§ What the task asks: For the entries below, the result should be an exact transcription of the lines from the one with "UNIKATOWE klipsy lub kolczyki - kaktusy glam" up to and including the one with "TAS le 27/11", and only those.

§ Data under study:
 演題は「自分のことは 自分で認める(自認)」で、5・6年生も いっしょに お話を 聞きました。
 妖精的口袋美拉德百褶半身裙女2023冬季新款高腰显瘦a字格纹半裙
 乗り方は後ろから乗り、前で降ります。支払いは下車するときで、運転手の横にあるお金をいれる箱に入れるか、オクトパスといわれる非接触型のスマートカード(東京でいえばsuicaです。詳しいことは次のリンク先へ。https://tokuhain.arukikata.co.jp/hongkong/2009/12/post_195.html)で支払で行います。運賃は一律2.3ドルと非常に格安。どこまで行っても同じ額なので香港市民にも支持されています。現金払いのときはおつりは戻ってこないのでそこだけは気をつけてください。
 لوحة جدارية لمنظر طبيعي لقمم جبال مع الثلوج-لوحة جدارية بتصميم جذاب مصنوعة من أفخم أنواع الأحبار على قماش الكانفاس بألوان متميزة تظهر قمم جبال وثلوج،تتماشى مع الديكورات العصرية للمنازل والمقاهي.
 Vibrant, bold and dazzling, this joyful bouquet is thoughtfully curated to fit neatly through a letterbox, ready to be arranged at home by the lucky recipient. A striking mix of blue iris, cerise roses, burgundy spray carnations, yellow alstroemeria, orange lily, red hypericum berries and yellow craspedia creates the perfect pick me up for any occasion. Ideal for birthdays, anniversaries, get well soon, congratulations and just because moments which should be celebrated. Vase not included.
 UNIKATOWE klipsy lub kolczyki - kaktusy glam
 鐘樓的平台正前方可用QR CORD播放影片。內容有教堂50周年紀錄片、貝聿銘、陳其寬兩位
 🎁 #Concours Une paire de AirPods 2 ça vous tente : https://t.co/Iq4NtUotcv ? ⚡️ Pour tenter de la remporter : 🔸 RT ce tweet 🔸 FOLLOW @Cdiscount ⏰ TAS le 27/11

---

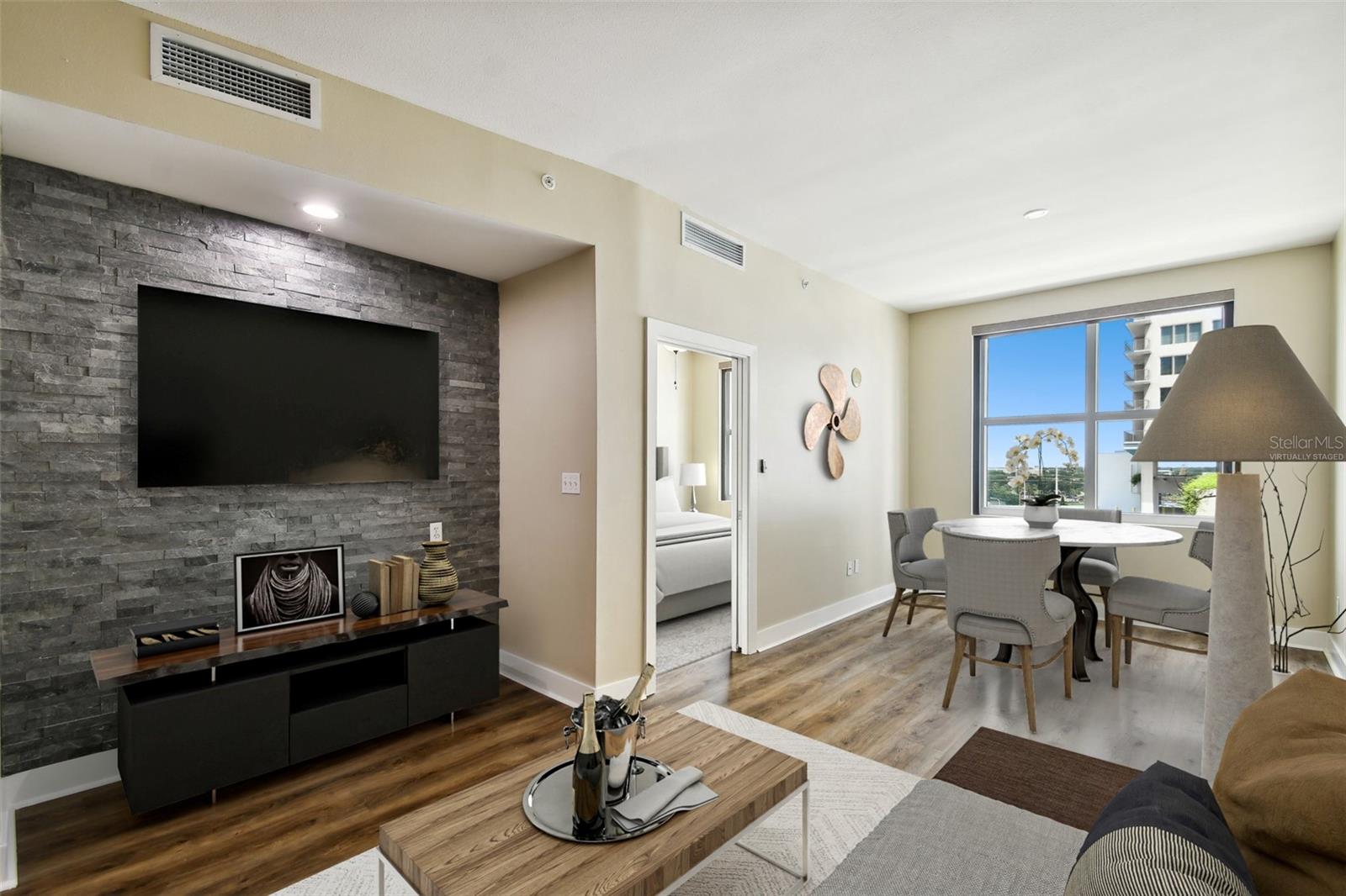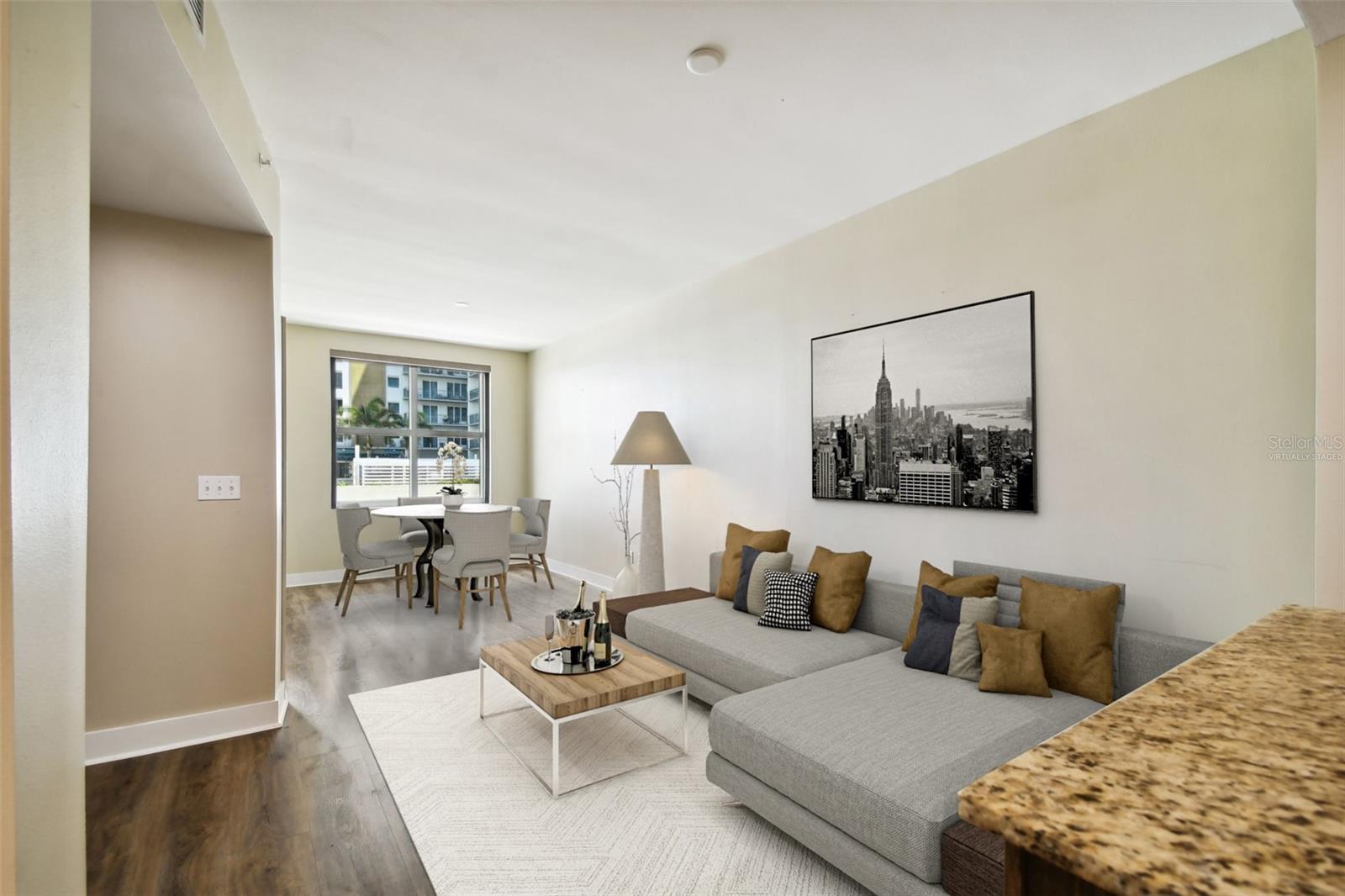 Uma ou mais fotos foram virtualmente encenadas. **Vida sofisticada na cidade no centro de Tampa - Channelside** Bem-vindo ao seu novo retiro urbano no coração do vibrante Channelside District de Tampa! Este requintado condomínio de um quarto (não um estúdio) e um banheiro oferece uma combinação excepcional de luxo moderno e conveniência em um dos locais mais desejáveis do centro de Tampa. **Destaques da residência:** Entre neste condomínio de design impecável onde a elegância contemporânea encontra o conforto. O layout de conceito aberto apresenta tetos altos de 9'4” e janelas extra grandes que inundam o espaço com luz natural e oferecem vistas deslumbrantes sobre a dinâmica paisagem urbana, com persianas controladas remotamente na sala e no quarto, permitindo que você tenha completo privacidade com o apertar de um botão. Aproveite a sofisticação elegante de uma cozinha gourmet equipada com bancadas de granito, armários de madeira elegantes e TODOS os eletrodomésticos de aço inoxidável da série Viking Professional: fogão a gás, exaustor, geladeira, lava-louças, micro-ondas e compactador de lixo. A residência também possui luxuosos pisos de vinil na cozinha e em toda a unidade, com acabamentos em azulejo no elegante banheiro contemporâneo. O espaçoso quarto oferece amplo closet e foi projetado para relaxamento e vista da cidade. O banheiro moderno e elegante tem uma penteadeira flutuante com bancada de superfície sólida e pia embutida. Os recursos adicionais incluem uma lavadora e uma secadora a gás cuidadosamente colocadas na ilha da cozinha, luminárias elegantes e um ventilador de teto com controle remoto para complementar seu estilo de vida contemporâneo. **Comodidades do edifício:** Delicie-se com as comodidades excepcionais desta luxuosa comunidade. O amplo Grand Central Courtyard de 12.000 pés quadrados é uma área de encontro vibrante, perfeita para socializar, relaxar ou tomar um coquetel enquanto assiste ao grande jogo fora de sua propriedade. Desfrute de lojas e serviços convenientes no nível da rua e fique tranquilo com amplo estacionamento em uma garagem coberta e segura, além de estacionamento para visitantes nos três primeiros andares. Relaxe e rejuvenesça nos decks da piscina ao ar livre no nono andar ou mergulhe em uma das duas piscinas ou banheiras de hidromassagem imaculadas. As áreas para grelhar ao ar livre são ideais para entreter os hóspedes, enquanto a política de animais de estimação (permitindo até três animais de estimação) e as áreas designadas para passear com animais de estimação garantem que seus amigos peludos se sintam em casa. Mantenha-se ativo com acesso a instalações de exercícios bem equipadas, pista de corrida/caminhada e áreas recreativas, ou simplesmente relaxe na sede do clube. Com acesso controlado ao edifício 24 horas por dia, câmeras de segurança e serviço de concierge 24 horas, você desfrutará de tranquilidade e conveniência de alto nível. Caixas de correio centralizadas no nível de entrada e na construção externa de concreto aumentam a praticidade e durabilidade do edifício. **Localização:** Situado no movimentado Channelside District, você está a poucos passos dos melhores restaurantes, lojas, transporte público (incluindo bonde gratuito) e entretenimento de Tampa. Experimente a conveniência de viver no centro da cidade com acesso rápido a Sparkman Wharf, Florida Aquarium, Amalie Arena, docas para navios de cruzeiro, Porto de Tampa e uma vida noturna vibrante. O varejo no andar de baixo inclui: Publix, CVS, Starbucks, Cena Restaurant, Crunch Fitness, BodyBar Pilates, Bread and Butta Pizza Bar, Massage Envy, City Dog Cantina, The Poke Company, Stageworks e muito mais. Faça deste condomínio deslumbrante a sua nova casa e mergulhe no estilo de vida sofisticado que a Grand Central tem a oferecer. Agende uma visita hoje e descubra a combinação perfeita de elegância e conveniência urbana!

§ Written reply:
 UNIKATOWE klipsy lub kolczyki - kaktusy glam
 鐘樓的平台正前方可用QR CORD播放影片。內容有教堂50周年紀錄片、貝聿銘、陳其寬兩位
 🎁 #Concours Une paire de AirPods 2 ça vous tente : https://t.co/Iq4NtUotcv ? ⚡️ Pour tenter de la remporter : 🔸 RT ce tweet 🔸 FOLLOW @Cdiscount ⏰ TAS le 27/11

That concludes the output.